- [Problem description] Transcribe exactly, and only, the lines running from the one with "అక్షర విజేత కోటనందూరు." to the end of the entries below, both included, without any pictures.

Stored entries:

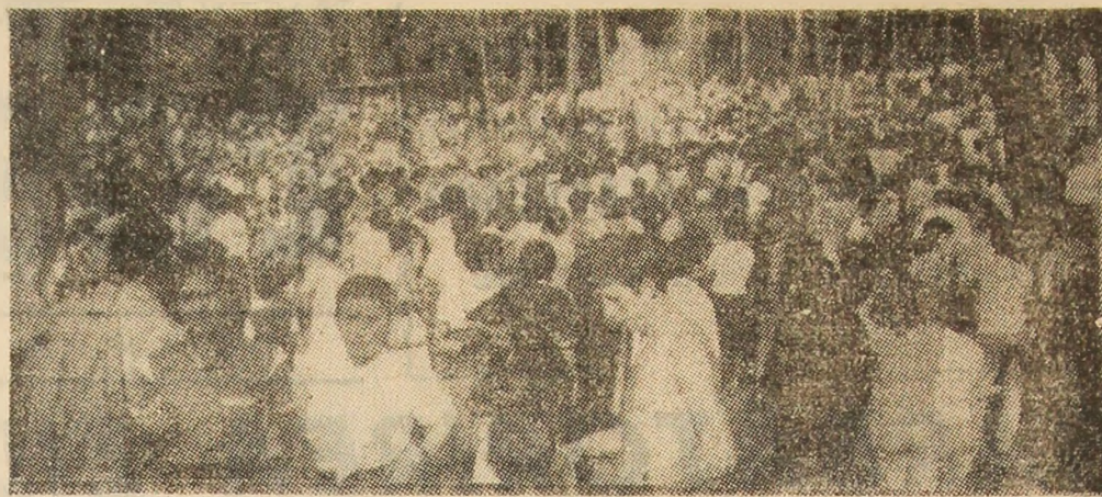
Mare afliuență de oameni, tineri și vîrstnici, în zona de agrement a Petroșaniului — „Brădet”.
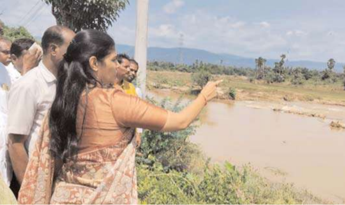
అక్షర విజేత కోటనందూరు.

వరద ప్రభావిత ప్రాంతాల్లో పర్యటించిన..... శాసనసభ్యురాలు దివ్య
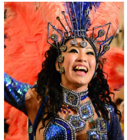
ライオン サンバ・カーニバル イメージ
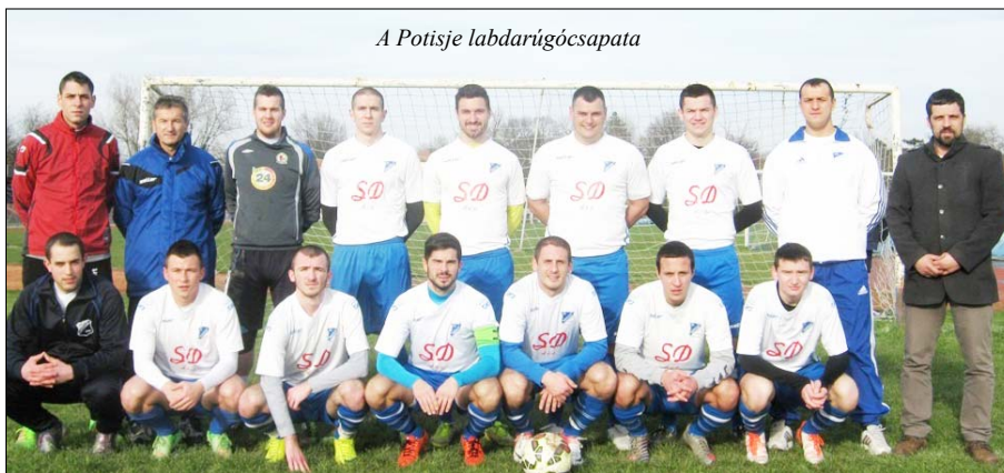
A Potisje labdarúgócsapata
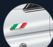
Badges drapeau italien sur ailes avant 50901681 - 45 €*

- [Problem solution]
అక్షర విజేత కోటనందూరు.

వరద ప్రభావిత ప్రాంతాల్లో పర్యటించిన..... శాసనసభ్యురాలు దివ్య
ライオン サンバ・カーニバル イメージ
A Potisje labdarúgócsapata
Badges drapeau italien sur ailes avant 50901681 - 45 €*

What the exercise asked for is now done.